*** INPUT DATA
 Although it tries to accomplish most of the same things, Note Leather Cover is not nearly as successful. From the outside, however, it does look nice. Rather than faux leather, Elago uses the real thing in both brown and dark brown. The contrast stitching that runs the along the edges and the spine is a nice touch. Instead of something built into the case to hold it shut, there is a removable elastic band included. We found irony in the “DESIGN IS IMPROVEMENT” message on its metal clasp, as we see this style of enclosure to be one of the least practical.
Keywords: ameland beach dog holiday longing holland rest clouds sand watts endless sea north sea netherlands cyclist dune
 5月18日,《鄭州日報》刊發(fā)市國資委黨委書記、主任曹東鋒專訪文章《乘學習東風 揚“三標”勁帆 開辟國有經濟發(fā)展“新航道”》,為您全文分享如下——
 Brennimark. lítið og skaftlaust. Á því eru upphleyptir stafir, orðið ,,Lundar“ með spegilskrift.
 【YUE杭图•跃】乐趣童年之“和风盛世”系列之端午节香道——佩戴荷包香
******
*** INPUT DATA
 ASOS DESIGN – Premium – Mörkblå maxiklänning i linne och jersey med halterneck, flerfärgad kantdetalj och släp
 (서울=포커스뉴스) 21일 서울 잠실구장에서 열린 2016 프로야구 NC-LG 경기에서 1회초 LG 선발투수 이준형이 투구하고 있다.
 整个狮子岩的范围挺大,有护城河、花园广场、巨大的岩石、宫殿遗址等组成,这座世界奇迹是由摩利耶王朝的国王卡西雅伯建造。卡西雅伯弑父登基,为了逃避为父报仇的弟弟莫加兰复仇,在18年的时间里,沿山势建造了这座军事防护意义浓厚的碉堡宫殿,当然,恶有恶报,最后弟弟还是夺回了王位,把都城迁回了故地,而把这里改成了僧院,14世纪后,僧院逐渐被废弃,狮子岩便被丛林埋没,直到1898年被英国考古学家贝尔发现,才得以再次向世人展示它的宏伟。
******
*** INPUT DATA
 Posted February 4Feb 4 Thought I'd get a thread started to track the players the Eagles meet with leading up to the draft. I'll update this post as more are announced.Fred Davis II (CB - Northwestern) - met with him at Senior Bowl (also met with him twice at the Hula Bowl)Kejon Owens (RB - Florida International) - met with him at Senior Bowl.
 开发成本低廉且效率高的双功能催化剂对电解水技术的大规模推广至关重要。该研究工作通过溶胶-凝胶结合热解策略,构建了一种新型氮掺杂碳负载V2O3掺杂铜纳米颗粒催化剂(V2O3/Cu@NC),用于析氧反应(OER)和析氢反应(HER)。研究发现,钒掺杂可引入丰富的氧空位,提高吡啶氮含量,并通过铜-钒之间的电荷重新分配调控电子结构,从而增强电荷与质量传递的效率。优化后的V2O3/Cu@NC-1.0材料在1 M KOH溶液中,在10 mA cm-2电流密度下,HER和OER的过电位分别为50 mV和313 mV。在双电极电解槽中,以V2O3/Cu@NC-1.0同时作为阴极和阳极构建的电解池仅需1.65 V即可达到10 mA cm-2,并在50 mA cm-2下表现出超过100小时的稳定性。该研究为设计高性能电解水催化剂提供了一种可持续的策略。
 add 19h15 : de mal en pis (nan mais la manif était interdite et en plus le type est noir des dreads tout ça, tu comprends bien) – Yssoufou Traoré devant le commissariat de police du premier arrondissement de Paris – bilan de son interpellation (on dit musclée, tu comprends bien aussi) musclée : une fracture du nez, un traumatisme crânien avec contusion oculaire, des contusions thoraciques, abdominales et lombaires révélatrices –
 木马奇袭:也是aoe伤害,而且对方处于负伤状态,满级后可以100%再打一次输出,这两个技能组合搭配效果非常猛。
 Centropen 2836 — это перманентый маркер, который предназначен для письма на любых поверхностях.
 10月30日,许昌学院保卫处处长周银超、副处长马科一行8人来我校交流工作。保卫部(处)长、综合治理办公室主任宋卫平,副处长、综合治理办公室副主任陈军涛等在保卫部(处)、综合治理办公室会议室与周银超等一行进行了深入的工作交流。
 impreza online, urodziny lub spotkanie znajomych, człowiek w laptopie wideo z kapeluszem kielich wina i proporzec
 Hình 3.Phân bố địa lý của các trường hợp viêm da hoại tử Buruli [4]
******
» TASK OBJECTIVE
Print the lines above from the one with "(서울=포커스뉴스) 21일 서울" through the one with "整个狮子岩的范围挺大,有护城", both included, exactly as written and nothing more.

» RESULT OF THIS TASK
 (서울=포커스뉴스) 21일 서울 잠실구장에서 열린 2016 프로야구 NC-LG 경기에서 1회초 LG 선발투수 이준형이 투구하고 있다.
 整个狮子岩的范围挺大,有护城河、花园广场、巨大的岩石、宫殿遗址等组成,这座世界奇迹是由摩利耶王朝的国王卡西雅伯建造。卡西雅伯弑父登基,为了逃避为父报仇的弟弟莫加兰复仇,在18年的时间里,沿山势建造了这座军事防护意义浓厚的碉堡宫殿,当然,恶有恶报,最后弟弟还是夺回了王位,把都城迁回了故地,而把这里改成了僧院,14世纪后,僧院逐渐被废弃,狮子岩便被丛林埋没,直到1898年被英国考古学家贝尔发现,才得以再次向世人展示它的宏伟。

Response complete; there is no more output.